-- THE DATA --
_ _ _ _ _ _ _
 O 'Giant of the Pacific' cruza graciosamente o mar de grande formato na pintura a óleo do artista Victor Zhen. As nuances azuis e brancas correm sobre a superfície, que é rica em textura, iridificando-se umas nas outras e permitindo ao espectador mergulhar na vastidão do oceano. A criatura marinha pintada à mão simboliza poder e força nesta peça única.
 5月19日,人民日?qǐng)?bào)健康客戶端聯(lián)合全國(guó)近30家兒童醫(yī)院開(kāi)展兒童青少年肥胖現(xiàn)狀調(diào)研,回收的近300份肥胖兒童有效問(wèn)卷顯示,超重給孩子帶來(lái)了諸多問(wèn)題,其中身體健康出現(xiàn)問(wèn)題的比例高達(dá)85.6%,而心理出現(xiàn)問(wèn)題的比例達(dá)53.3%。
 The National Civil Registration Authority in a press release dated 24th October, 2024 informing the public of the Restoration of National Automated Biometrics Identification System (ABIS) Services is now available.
_ _ _ _ _ _ _
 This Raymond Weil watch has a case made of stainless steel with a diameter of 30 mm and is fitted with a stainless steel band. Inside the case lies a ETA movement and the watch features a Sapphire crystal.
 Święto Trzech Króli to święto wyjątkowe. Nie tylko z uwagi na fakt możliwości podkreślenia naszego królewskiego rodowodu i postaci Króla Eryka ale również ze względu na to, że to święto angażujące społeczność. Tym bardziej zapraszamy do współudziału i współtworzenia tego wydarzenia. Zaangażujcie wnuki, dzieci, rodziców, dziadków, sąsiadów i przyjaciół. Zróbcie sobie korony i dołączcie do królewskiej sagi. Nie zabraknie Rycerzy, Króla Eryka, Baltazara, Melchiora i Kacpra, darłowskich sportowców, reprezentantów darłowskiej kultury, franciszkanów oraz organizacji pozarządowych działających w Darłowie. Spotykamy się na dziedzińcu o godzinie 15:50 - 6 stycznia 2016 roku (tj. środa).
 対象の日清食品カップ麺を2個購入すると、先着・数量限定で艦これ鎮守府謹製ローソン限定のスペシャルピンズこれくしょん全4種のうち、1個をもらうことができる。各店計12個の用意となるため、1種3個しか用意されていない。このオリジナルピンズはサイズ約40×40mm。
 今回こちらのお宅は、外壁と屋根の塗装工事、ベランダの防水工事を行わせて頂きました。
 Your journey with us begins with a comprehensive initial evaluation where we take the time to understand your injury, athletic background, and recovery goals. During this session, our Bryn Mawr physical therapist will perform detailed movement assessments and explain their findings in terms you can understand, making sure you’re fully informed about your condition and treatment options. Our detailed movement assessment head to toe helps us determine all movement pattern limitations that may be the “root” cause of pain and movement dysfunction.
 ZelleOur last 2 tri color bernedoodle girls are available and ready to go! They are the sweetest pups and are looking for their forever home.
_ _ _ _ _ _ _
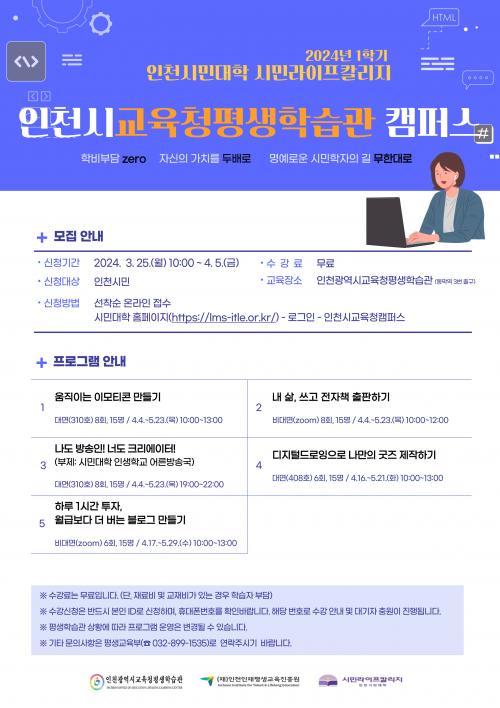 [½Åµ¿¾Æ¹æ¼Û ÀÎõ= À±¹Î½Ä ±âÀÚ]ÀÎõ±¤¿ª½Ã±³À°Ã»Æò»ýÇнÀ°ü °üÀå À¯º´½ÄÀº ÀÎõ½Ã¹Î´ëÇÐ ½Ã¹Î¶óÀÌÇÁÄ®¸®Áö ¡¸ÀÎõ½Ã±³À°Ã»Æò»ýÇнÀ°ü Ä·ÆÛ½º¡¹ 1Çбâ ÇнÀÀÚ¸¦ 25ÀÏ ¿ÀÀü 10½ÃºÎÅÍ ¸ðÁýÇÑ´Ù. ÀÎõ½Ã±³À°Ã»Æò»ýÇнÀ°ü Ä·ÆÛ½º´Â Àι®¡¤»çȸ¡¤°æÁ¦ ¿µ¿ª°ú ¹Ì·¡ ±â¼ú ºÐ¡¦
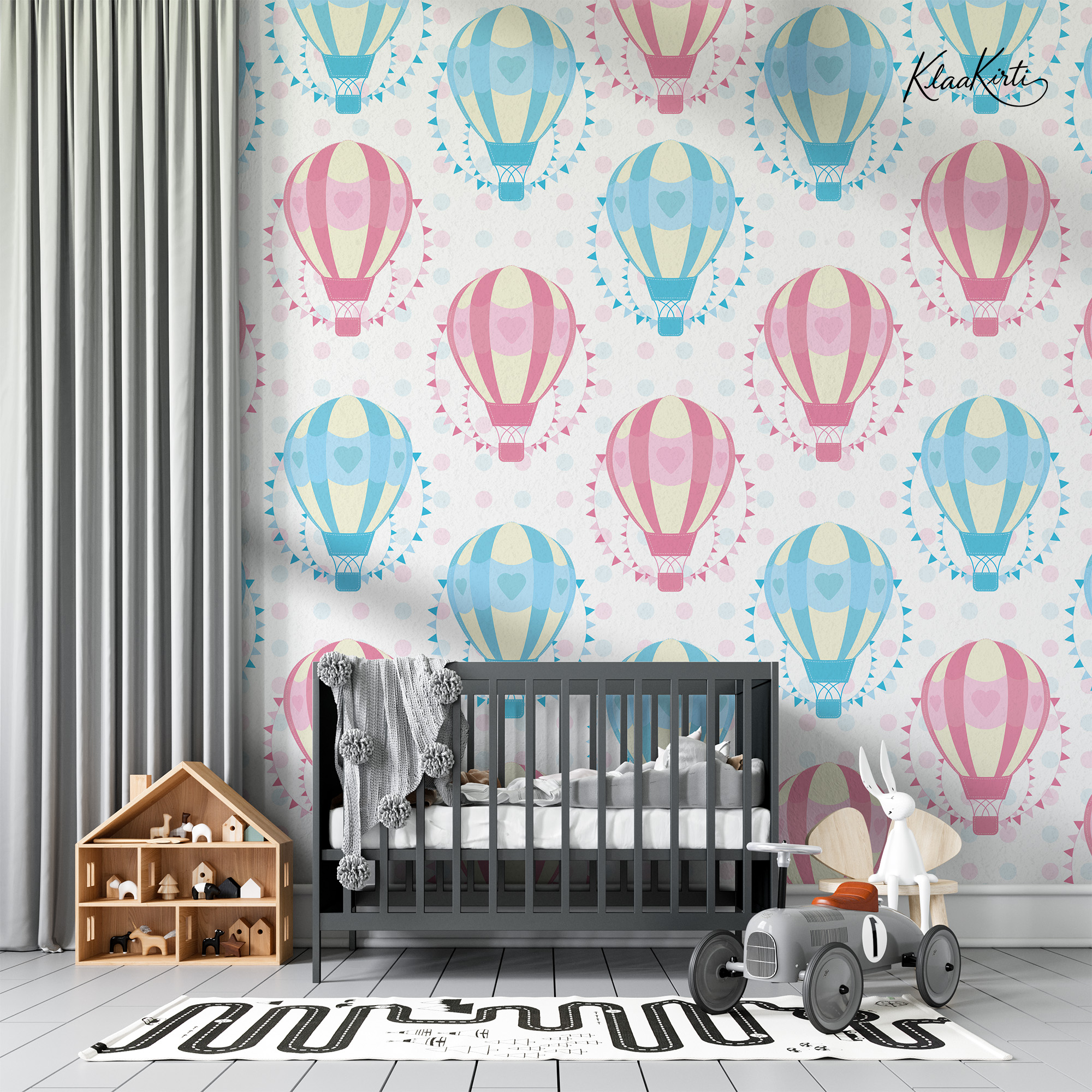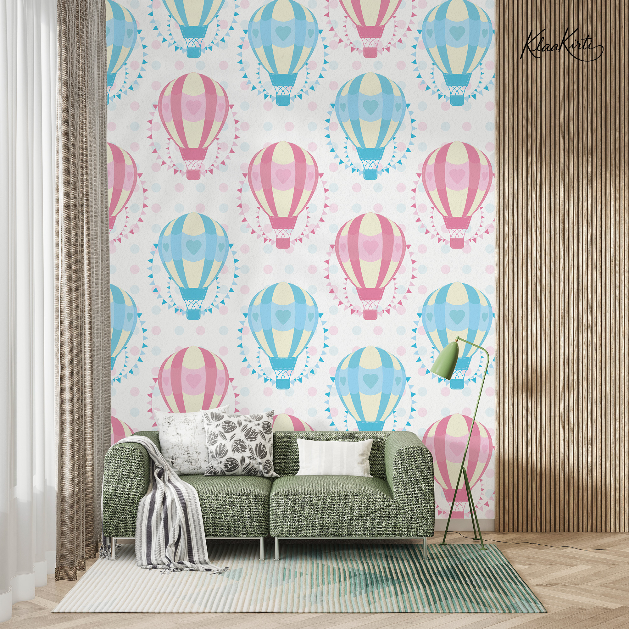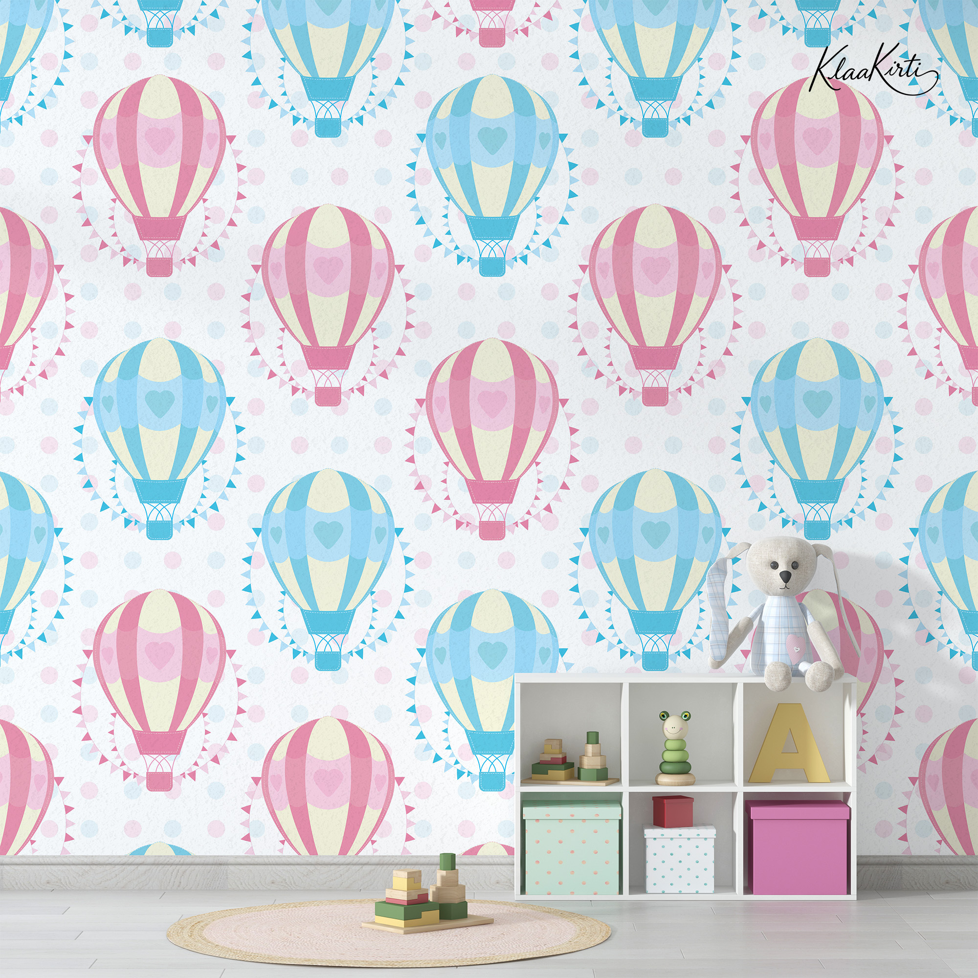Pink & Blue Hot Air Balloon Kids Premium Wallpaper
_ _ _ _ _ _ _
In the records above, the line with "今回こちらのお宅は、外壁と屋" marks the start and the line with "ZelleOur last 2" marks the end; copy that stretch exactly, both lines included, and nothing else.

 今回こちらのお宅は、外壁と屋根の塗装工事、ベランダの防水工事を行わせて頂きました。
 Your journey with us begins with a comprehensive initial evaluation where we take the time to understand your injury, athletic background, and recovery goals. During this session, our Bryn Mawr physical therapist will perform detailed movement assessments and explain their findings in terms you can understand, making sure you’re fully informed about your condition and treatment options. Our detailed movement assessment head to toe helps us determine all movement pattern limitations that may be the “root” cause of pain and movement dysfunction.
 ZelleOur last 2 tri color bernedoodle girls are available and ready to go! They are the sweetest pups and are looking for their forever home.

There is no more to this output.